EXERCISE REQUIREMENTS:
Please output the listing that follows exactly, but keep all images out.
(DATA BLOCK)
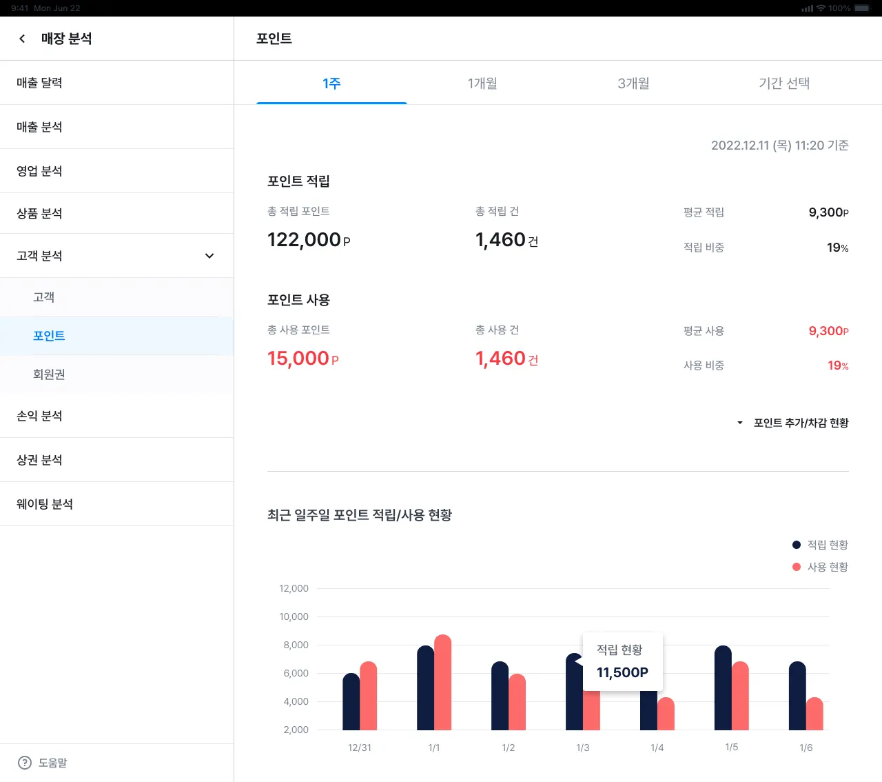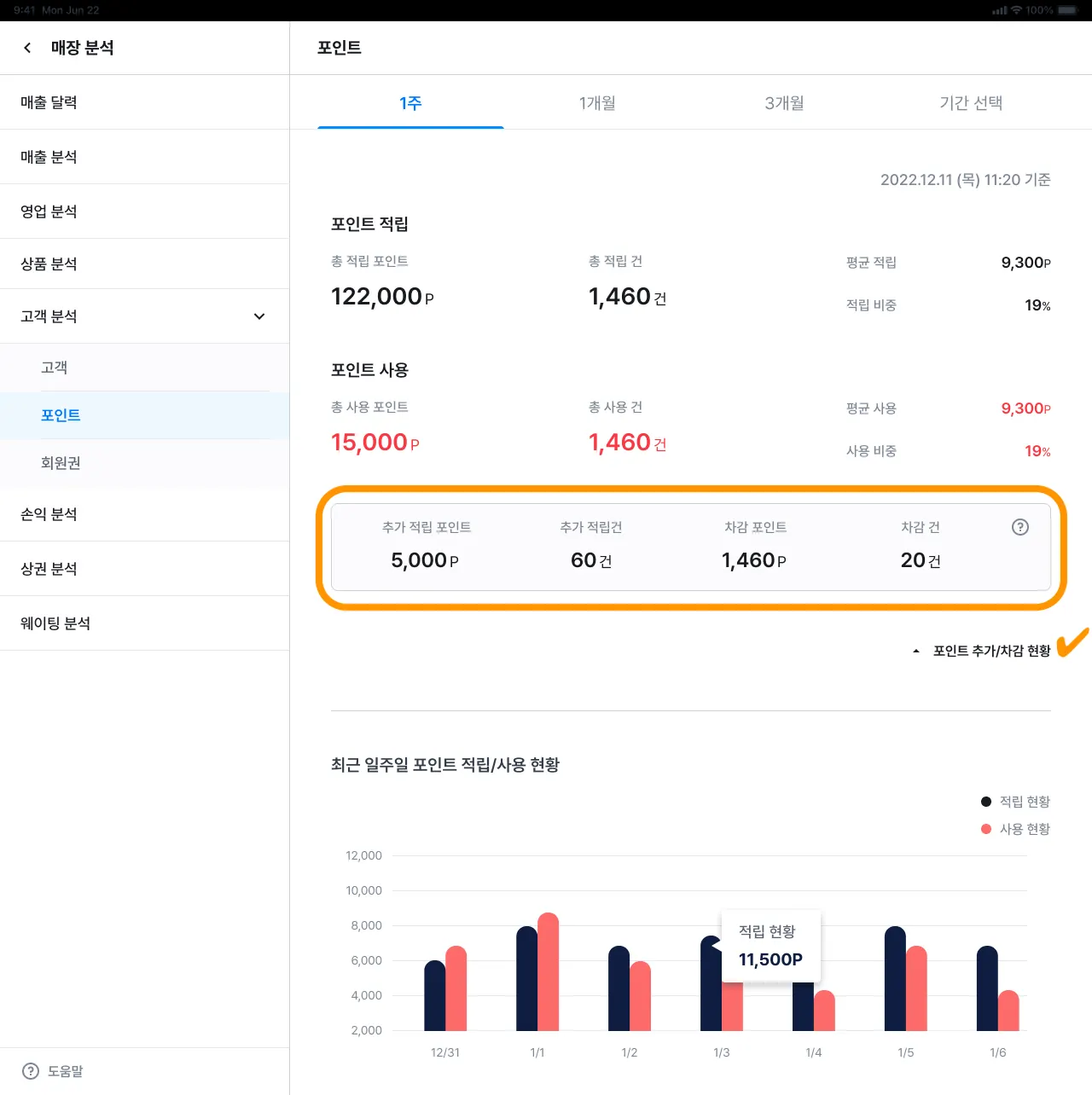 [고객 분석] → [포인트] 메뉴를 누르고 기간 선택탭을 눌러 기간을 설정 후 조회할 수 있습니다.
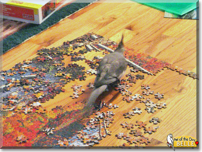 Thanks for the BIG smiles, sweetheart! Meeting you has been a real treat! Hope you enjoy a very special Pet of the Day celebration...flying about the house, sharing fun time with your human (jigsaw puzzles, hehe), munching on popcorn, being loved and pampered to pieces! Lots of love, cuddles and *kisses* to you, beautiful Belle, our very special and most deserving Pet of the Day, EVERY day!:love::love::love:
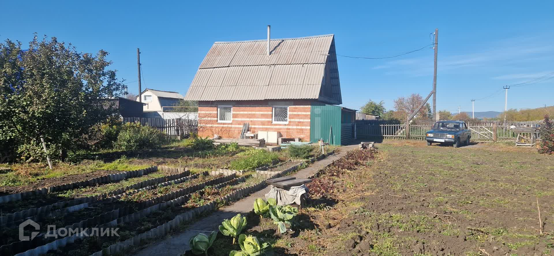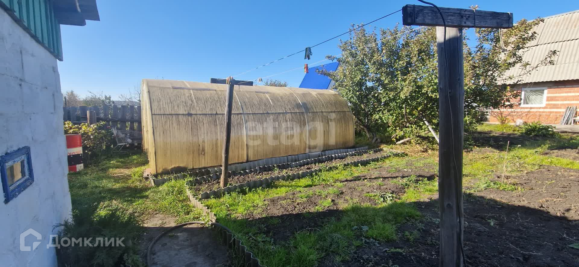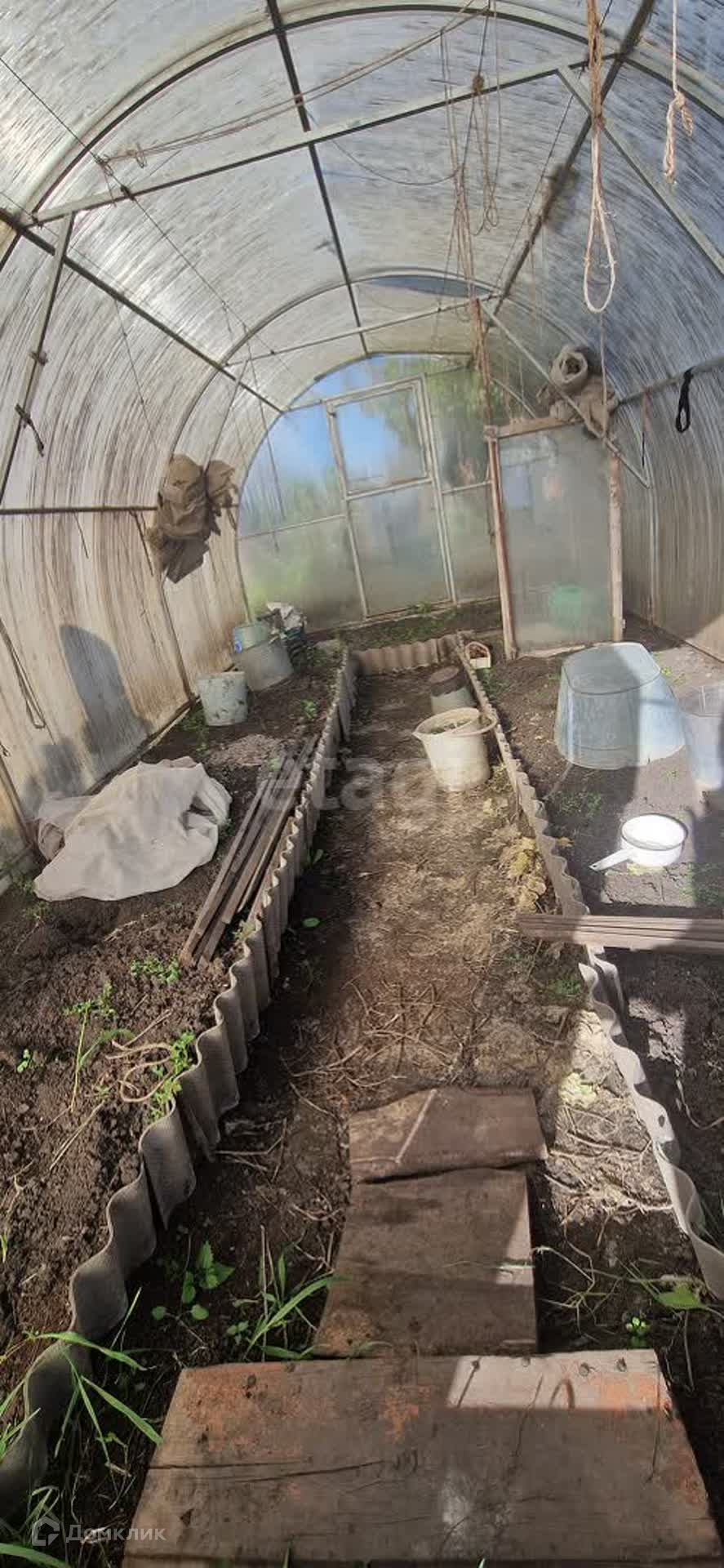 Земля разработанная, много различных плодово-ягодных насаждений. Имеется просторная теплица.
(End DATA BLOCK)
PROBLEM SOLUTION:
 [고객 분석] → [포인트] 메뉴를 누르고 기간 선택탭을 눌러 기간을 설정 후 조회할 수 있습니다.
 Thanks for the BIG smiles, sweetheart! Meeting you has been a real treat! Hope you enjoy a very special Pet of the Day celebration...flying about the house, sharing fun time with your human (jigsaw puzzles, hehe), munching on popcorn, being loved and pampered to pieces! Lots of love, cuddles and *kisses* to you, beautiful Belle, our very special and most deserving Pet of the Day, EVERY day!:love::love::love:
 Земля разработанная, много различных плодово-ягодных насаждений. Имеется просторная теплица.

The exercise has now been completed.